(PROVIDED ENTRIES):
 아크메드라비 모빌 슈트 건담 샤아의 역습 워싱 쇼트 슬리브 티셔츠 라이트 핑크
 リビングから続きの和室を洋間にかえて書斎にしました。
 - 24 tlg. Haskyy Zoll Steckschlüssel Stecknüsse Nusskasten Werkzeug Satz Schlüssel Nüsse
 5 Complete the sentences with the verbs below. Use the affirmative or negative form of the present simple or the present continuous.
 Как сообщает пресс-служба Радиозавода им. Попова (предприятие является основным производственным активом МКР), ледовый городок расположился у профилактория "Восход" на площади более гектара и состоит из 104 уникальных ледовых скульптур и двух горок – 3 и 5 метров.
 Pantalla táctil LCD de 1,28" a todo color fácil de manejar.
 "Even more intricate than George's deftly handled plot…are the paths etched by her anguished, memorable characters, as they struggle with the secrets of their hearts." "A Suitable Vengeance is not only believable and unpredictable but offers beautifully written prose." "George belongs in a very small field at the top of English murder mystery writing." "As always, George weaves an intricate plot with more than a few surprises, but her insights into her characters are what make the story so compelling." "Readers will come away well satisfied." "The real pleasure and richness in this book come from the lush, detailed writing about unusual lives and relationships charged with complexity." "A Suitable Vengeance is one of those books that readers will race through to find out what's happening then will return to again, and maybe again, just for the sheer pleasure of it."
==
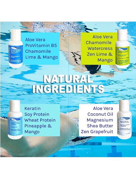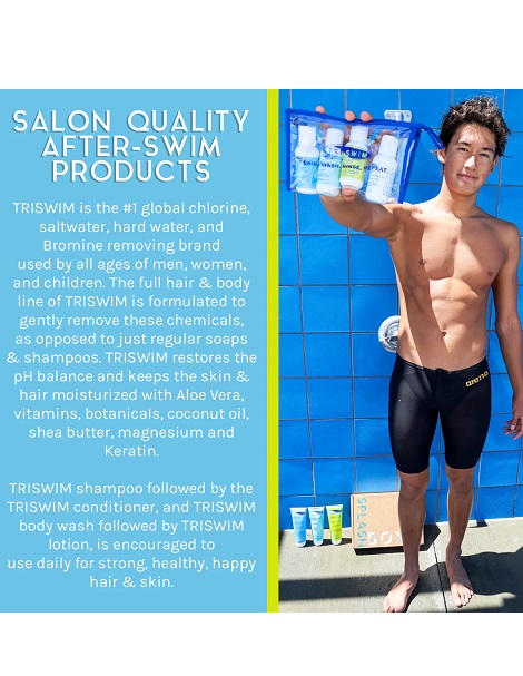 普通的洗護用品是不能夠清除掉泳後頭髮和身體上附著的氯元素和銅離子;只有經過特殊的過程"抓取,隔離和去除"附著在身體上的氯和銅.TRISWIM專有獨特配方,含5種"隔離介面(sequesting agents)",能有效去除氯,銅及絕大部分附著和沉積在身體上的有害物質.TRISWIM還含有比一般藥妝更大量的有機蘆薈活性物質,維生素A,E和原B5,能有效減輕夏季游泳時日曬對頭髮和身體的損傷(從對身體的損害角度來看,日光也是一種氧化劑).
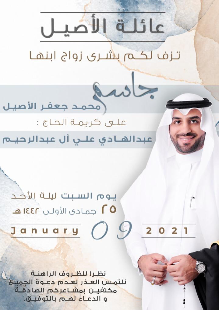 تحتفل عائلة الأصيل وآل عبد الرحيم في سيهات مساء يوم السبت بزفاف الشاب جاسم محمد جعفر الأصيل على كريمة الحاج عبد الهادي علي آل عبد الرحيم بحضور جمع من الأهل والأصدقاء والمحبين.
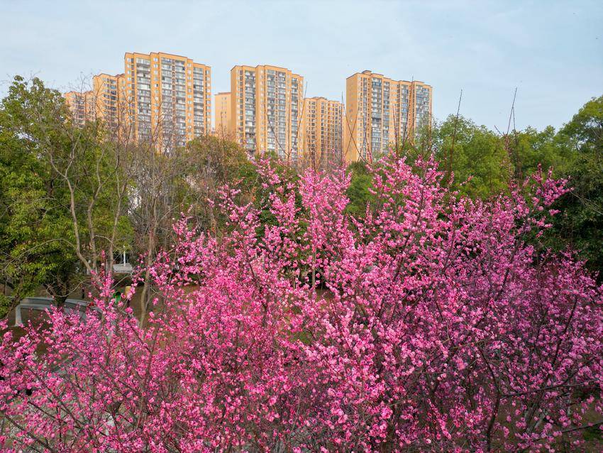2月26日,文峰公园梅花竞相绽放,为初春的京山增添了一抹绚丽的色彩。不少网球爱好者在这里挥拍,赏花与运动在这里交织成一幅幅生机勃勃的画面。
--
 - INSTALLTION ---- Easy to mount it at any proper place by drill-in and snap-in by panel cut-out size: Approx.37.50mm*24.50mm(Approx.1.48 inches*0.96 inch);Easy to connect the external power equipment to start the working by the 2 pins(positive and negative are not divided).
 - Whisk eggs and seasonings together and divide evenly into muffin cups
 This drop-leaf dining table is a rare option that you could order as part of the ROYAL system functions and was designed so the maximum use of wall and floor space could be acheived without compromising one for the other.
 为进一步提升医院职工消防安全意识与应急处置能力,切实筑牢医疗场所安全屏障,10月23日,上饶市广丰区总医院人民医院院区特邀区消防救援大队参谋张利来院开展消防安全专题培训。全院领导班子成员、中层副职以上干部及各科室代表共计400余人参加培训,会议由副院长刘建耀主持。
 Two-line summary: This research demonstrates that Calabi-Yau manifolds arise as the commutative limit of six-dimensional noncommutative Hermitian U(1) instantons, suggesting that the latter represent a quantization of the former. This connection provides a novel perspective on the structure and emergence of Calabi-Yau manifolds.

(TASK GOAL): Would you print exactly and only the lines of the material above that run from the line with "リビングから続きの和室を洋間にかえて書斎にしました。" through the line with "5 Complete the", both included?

(EXPECTED ANSWER):
 リビングから続きの和室を洋間にかえて書斎にしました。
 - 24 tlg. Haskyy Zoll Steckschlüssel Stecknüsse Nusskasten Werkzeug Satz Schlüssel Nüsse
 5 Complete the sentences with the verbs below. Use the affirmative or negative form of the present simple or the present continuous.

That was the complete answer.